Work item.
The answer should be an exact repeat of the stretch of material below from the line containing "2026년3월9일DAY74<늘곁에계신 그분,우리를 일으키는 힘>필사인증합니다." through the line containing "先不下結論,首先來對比看看榮".

:: Stored data ::

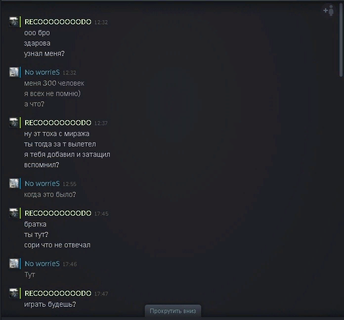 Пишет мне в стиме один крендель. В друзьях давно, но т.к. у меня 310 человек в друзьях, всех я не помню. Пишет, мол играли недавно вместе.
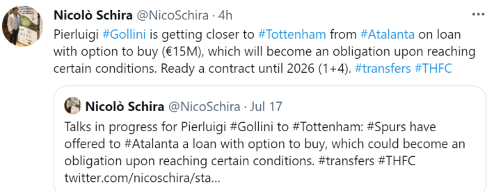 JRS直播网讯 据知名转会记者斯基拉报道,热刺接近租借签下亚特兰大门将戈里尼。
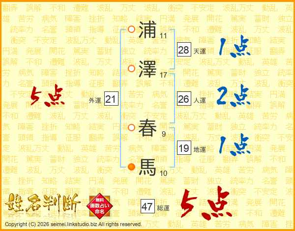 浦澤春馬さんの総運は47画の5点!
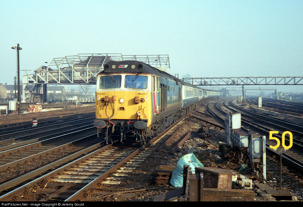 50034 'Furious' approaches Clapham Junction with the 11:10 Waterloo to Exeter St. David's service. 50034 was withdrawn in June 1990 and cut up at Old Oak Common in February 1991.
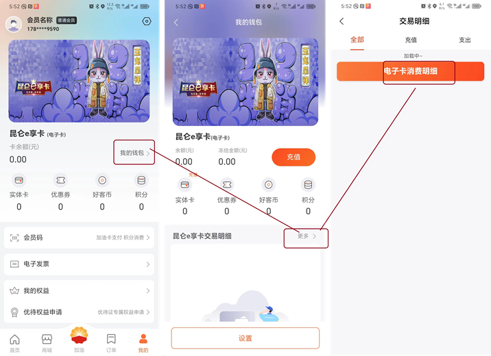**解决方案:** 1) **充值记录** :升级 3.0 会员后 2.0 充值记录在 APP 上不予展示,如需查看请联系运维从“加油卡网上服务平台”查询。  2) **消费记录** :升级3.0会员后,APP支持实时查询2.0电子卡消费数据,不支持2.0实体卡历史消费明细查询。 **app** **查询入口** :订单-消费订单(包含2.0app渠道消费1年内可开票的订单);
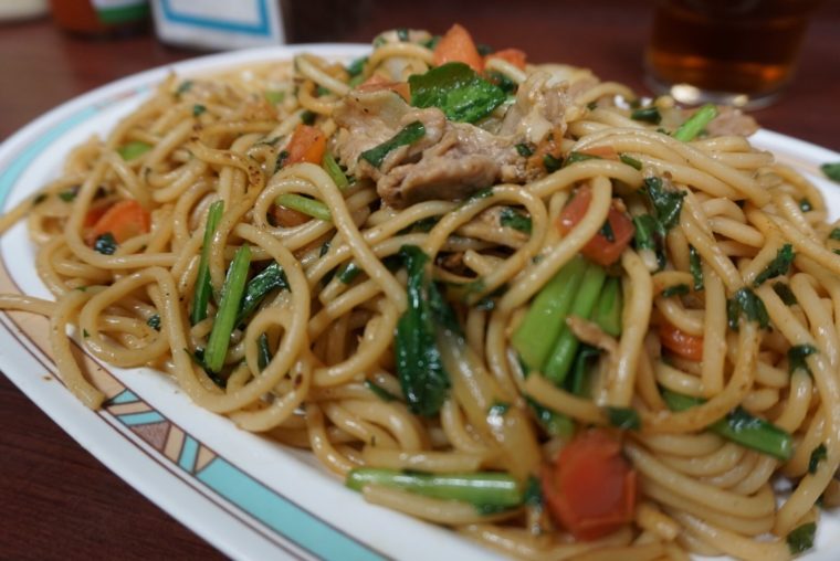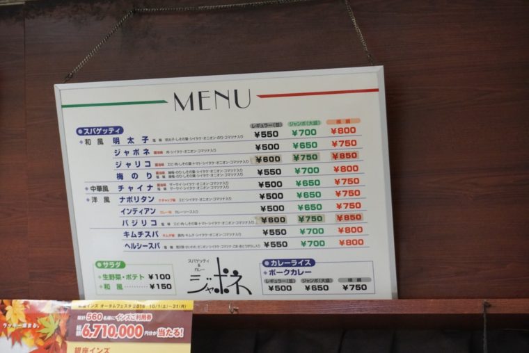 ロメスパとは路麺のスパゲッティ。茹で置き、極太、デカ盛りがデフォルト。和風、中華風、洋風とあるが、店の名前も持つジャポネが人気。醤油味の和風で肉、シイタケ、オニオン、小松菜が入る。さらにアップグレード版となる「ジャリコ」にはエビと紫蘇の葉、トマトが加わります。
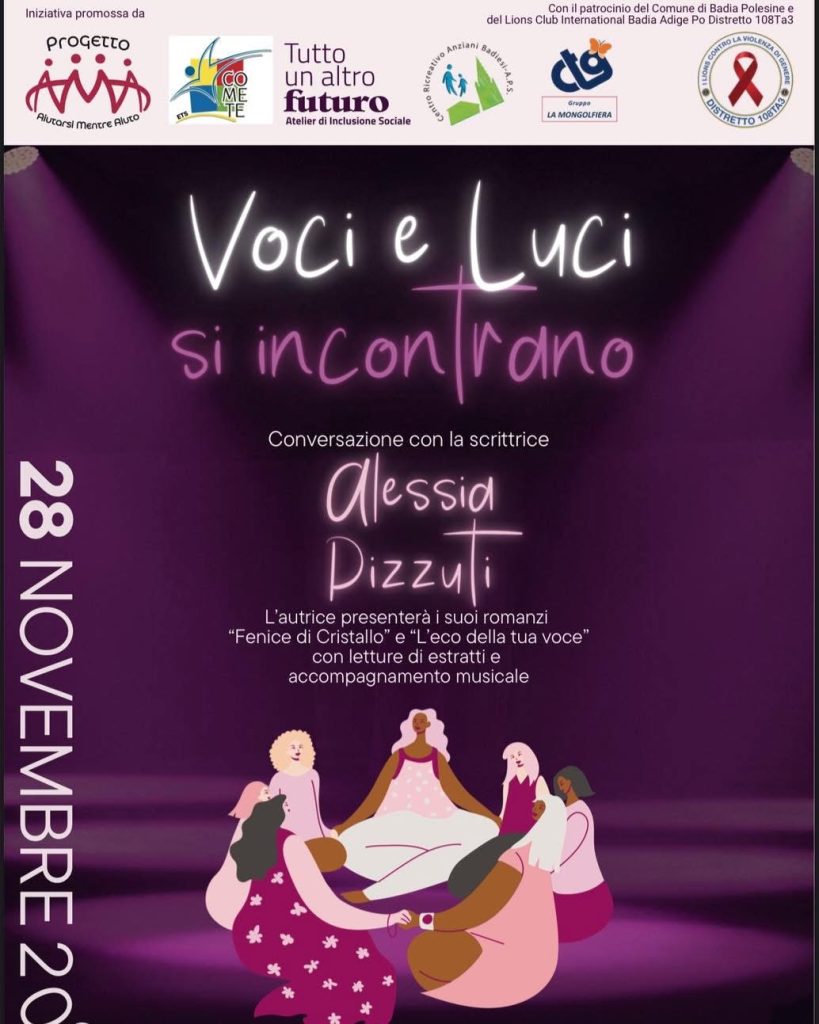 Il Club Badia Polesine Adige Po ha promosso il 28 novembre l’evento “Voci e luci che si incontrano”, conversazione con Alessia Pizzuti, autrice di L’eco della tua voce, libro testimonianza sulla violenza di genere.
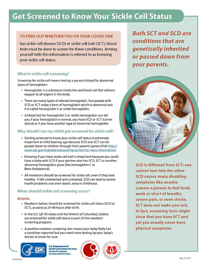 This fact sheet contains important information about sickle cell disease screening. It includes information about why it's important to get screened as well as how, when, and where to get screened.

:::
:: Stored data ::

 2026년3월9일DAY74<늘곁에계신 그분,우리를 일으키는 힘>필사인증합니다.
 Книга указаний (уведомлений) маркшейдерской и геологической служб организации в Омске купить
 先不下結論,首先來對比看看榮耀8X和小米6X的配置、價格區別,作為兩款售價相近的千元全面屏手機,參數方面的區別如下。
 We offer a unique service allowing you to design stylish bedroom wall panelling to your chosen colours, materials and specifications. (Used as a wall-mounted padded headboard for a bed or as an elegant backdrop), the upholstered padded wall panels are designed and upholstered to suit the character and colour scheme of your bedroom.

:::
:: Stored data ::

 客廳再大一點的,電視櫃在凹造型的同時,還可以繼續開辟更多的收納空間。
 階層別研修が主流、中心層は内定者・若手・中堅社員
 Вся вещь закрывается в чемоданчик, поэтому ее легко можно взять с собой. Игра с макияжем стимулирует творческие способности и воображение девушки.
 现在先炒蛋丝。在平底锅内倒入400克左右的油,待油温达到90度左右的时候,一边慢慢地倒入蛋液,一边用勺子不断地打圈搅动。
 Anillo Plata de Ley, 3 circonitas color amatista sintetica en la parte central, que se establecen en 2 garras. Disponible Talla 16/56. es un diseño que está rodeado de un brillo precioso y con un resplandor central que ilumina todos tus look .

:::

Answer space.
 2026년3월9일DAY74<늘곁에계신 그분,우리를 일으키는 힘>필사인증합니다.
 Книга указаний (уведомлений) маркшейдерской и геологической служб организации в Омске купить
 先不下結論,首先來對比看看榮耀8X和小米6X的配置、價格區別,作為兩款售價相近的千元全面屏手機,參數方面的區別如下。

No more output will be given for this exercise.